I’d only come to sunbathe
so helping give out food didn’t seem much.
One mother told me men drifted around
and she didn’t think her daughters were safe.
After their journey, they didn’t want confinement
to a crowded room. I became a chaperone.
I taught them hopscotch on the beach.
Their laughter such a strange sound.
Paperwork’s slow at the best of times.
I left my euros for the hotel to pass on.
I hope it helped. I bought them sanitary pads.
People don’t think about that:
their bodies capable of creating life.
Everything Abdel sees is smeared, despite his glasses.
With the sleeve of a dusty shirt, he pushes grime
from the middle to the edges of his lenses.
They’ve witnessed family fall victim to war crimes.
He could shower for a fortnight and never feel clean.
English is an official language in Sudan.
At sixteen he wants to join relatives already in England.
To dodge military conscription, Sayid, 20, fled from Syria.
Inspired by the story of one of his heroes, William Gibson,
Sayid got to Egypt, then packed on a small boat to Lampedusa,
through Italy to France, from where he can only move on.

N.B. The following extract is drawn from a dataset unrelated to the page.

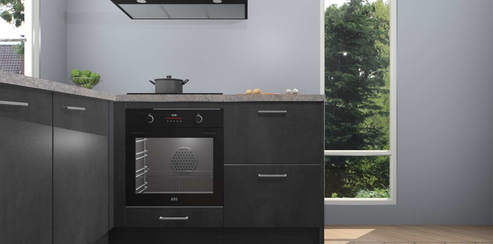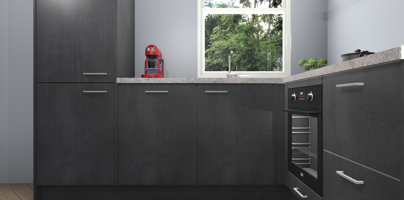 De Beton Zwarte keuken Phuket heeft alles wat u maar kunt wensen. Niet alleen zijn er softclose deuren, maar ook 5 ingebouwde apparaten: een oven, inductiekookplaat, afzuigkap, vaatwasser en koelkast - waarbij u later gemakkelijk naar het AEG merk, van inductiekookplaat naar kookplaat met geïntegreerde afzuiging of van oven naar combimagnetron kunt upgraden. Dat alles tegen een vast laag tarief! Bovendien geeft de Beton Zwarte keuken Phuket supersnelle levering van 7 weken. Echt iets voor u als u er niet op wilt wachten om het resultaat te zien in eigen keuken!
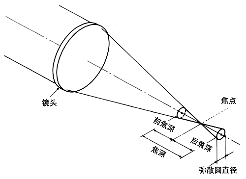 从焦点到近处容许弥散圆的的距离叫前景深,从焦点到远方容许弥散圆的距离叫后景深。

On a borrowed laptop he listens to Syrian pop music.
He’d love to cook. He still has to pay a trafficker
weekly for the right to chase lorries to his brother in England.
With a bandaged hand Abdul, 21, tells of imprisonment
and gestures to describe the electric shocks he received
after his arrest by the Sudanese government.
His tribe also harassed by rebel militia. He feels deceived
by traffickers. Despite his razor-wire injury,
he’ll try again. Sudan was an English colony.
He wants to stop looking over his shoulder.
When a tiger stalks, play dead. But it’s hard not to run.